▶ [Stored data]:
BEGIN

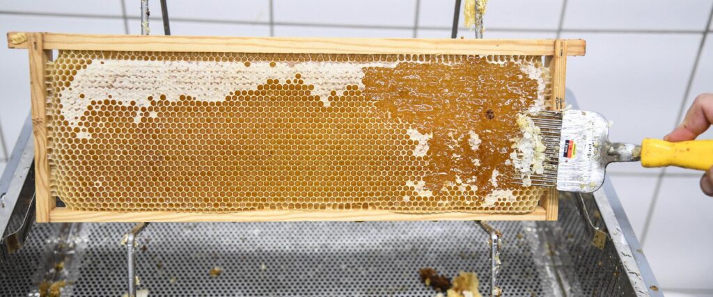 Tule kaaneta lahti värskelt tarust võetud kärjed, vurrita, sõelu ja pane ehe Pärnumaa mesi endale purki!
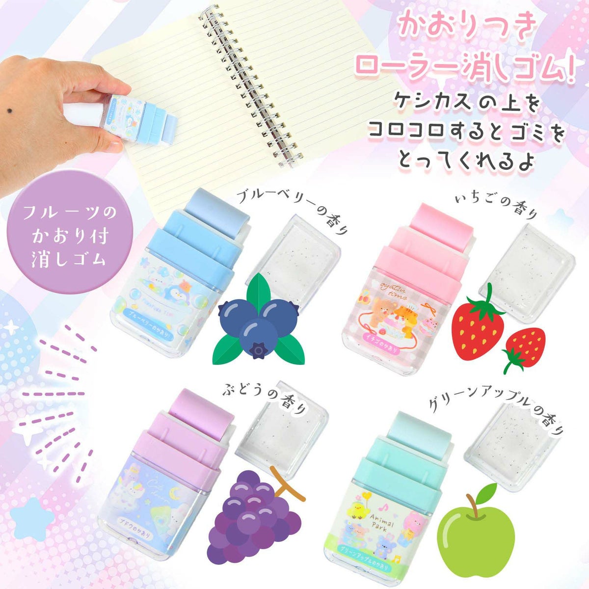 他の画像を見る 1個装あたり85円(93.5円税込)x12個装入=1020円(1122円税込)消しカスもスッキリ☆ フルーツのかおり付きローラー消しゴム ゆるふわ ローラー消しゴム 12個装入 { 景品玩具 消しゴム ケシゴム かわいい 消しカス かわいい 女の子 }{ 景品 おもちゃ 詰め合わせ 夏祭り 縁日 問屋 子供 子供会 自治会 祭 お子様ランチ 大量 保育園 幼稚園 イベント 配布 }283[25I03] メーカー希望小売価格 オープン価格 のところ 当店特別価格 ¥ 1,122 税込 カートに入れる お気に入りに登録する
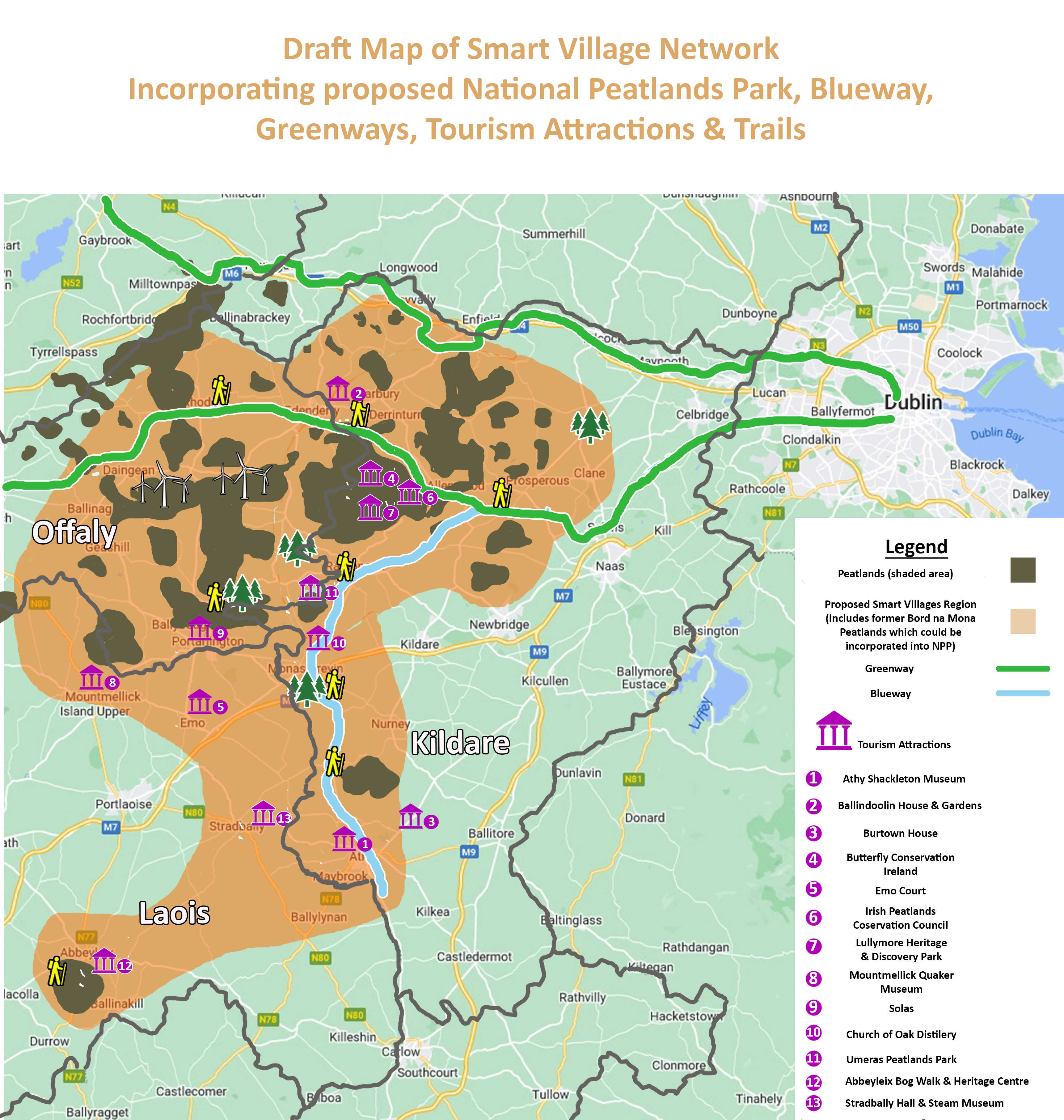 Reason for Amendment: To assist in the delivery of Just Transition and a collabortive approach to realise the potential for peatlands tourism. The inter County approach is important as it reflects shared peatland landscape, related culture and similar socio-economic challenges for the region. See attached Draft Map of West Kildare Smart Rural Alliance.
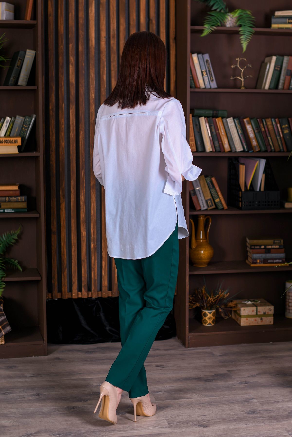 Стильная удлиненная рубашка из хлопка. Свободный силуэт. В боковых швах разрезы. Отложной воротник, рукав длиной 3/4 обработан манжетой, есть выточки. Супатная застежка на пуговицы. Спинка с отрезной кокеткой, по шву которой расположены декоративные прорези (см. детальное фото). Модель смотрится очень интересно и эффектно!

END

▶ [Work to complete]: The copy has to start at the line that contains "Reason for Amendment: To" and end at the last line of the material above, matching the original exactly and holding no pictures.

▶ [Problem solution]:
 Reason for Amendment: To assist in the delivery of Just Transition and a collabortive approach to realise the potential for peatlands tourism. The inter County approach is important as it reflects shared peatland landscape, related culture and similar socio-economic challenges for the region. See attached Draft Map of West Kildare Smart Rural Alliance.
 Стильная удлиненная рубашка из хлопка. Свободный силуэт. В боковых швах разрезы. Отложной воротник, рукав длиной 3/4 обработан манжетой, есть выточки. Супатная застежка на пуговицы. Спинка с отрезной кокеткой, по шву которой расположены декоративные прорези (см. детальное фото). Модель смотрится очень интересно и эффектно!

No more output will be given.